Luca Ricolfi, sociologo dell’università di Torino e presidente della Fondazione Hume, ha presentato il suo nuovo libro ad Alessandra Ricciardi di Italia Oggi, dal titolo: “Il follemente corretto. L’inclusione che esclude e l’ascesa della nuova nuova élite”. Un’occasione per fare anche un quadro politico sull’attualità, con non pochi attacchi alla sinistra: “Le élite, proprio perché vivono molto più agiatamente delle masse popolari, hanno continuamente bisogno di mostrare la loro virtù e la loro sollecitudine nei confronti dei deboli, ma, dato che occuparsi dei veri deboli e dei loro bisogni, a partire dal welfare, costerebbe uno sproposito, hanno trovato una soluzione geniale, occuparsi dei diritti LGTBT+, che costano pochissimo, e dei migranti, che costano relativamente poco in termini di accoglienza e salvataggi, e in compenso forniscono manodopera a basso costo a datori di lavoro più o meno spregiudicati”. Quando la Ricciardi gli chiede se il suo libro definisca lui come anti-progressista, Ricolfi nega: “Non direi, semmai ho invitato i progressisti ad esserlo davvero, occupandosi di diritti sociali e abbandonando la zavorra del follemente corretto.
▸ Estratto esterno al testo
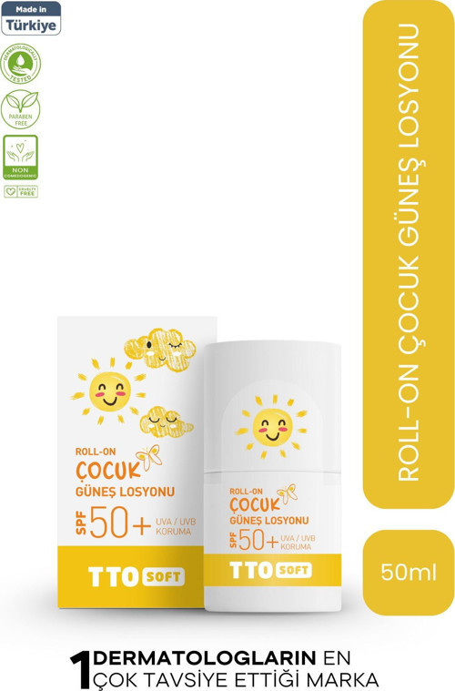 TTO SOFT GÜNEŞ LOSYONU ÇOCUK 50 SPF: Çocuklar için özel olarak formüle edilen TTO SOFT GÜNEŞ LOSYONU KIDS 50 SPF, geniş spektrumlu UVA ve UVB filtreleri etkin güneş koruması sağlar. Avokado, Jojoba, Papatya gibi doğal yağlar ve bitkisel ekstrelerle cildi nemlendirir, yumuşatır ve çevresel faktörlere karşı korumaya yardımcı olur. Suya dayanıklı formülü sayesinde deniz ve havuz sonrası da uzun süreli koruma sunar. KULLANIM ŞEKLİ: Ürünü güneşe çıkmadan 15- 20 dakika önce yeterli miktarda cilde eşit şekilde ve her 2 saatte bir yenileyerek uygulayın. Özellikle yüzme, terleme veya kurulanma sonrasında uygulamayı tekrarlayınız. Göz çevresine uygulamaktan kaçınınız. UYARILAR: Güneşten koruyucu ürünlerin %100 koruma sağlamadığını unutmayınız. Yoğun güneşe maruz kalmaktan kaçınınız, özellikle 11:00–16:00 saatleri arasında çocukları doğrudan güneşe çıkarmayınız. Göz ile temasından kaçınınız. Temas halinde bol su ile yıkayınız. Serin ve kuru yerde, direkt güneş ışığından uzakta muhafaza ediniz. Kullanmadan önce çalkalayınız. Yalnızca harici kullanım içindir. Tahriş meydana gelirse kullanımı durdurunuz ve gerekirse doktora başvurunuz. İÇİNDEKİLER/INGREDIENTS: AQUA, COCOCAPRYLATE/CAPRATE, CAPRYLIC/CAPRIC TRIGLYCERIDE, DICAPRYLYL CARBONATE, GLYCERIN, LAURYL GLUCOSIDE, POLYGLYCERYL-2- DIPOLYHYDROXYSTEARATE, ETHYLHEXYL TRIAZONE, PERSEA GRATISSIMA OIL, PHENYLBENZIMIDAZOLE SULFONIC ACID, TITANIUM DIOXIDE, BIS-ETHYLHEXYLOXYPHENOL METHOXYPHENYL TRIAZINE, PENTYLENE GLYCOL, ZINC OXIDE, POTASSIUM CETYL PHOSPHATE, STEARALKONIUM HECTORITE, TOCOPHEROL, BUTYROSPERMUM PARKII BUTTER, CANNABIS SATIVA SEED OIL, GLYCERYL CAPRYLATE, SODIUM HYDROXIDE, DEHYDROACETIC ACID, CHAMOMILLA RECUTITA FLOWER EXTRACT, XANTHAN GUM, SIMMONDSIA CHINENSIS SEED OIL, PROPYLENE CARBONATE, PERSEA GRATISSIMA FRUIT EXTRACT.

I diritti civili vanno benissimo, ma solo se non sostituiscono quelli sociali e accettano dei limiti, innanzitutto in materia di utero in affitto e di cambio di sesso dei minori”. CONT.
Infine non comprendo il riferimento al fatto che siamo tutti appassionati di montagna e quindi dovremmo esprimerci “diversamente” l’un con l’altro… E allora? A parte che scambiate per insulti quella che è invece schiettezza, cioè dire pane al pane e vino al vino. Ma… non si può discutere, fino a giungere perfino ad un ipotetico insulto, fra appassionati di montagna? E perché mai? Persino con i miei amici storici, con i quali faccio gite da 40 anni e più, non lascio nulla di “sospeso” e altrettanto fanno loro con me. Se è amicizia questo deve essere, altrimenti è solo manierismo di facciata…
Piuttosto che un perbenismo di facciata che ci obblighi a esser artificiali (pur di non ferire un altro appassionato di montagna…), preferisco gli scontri di piazza stile anni Settanta… lì ci menavano di santa ragione, ma almeno eravamo genuini (tralascio il fatto che, se uno si vuol confrontare con la Natura, e questo alla fin fine à l’essenza dell’alpinismo, non può che essere genuino e spietato, altro che “manierismo di facciata”…). Non mi pare cmq che siamo sconfinati in oggettivi insulti. Ciao!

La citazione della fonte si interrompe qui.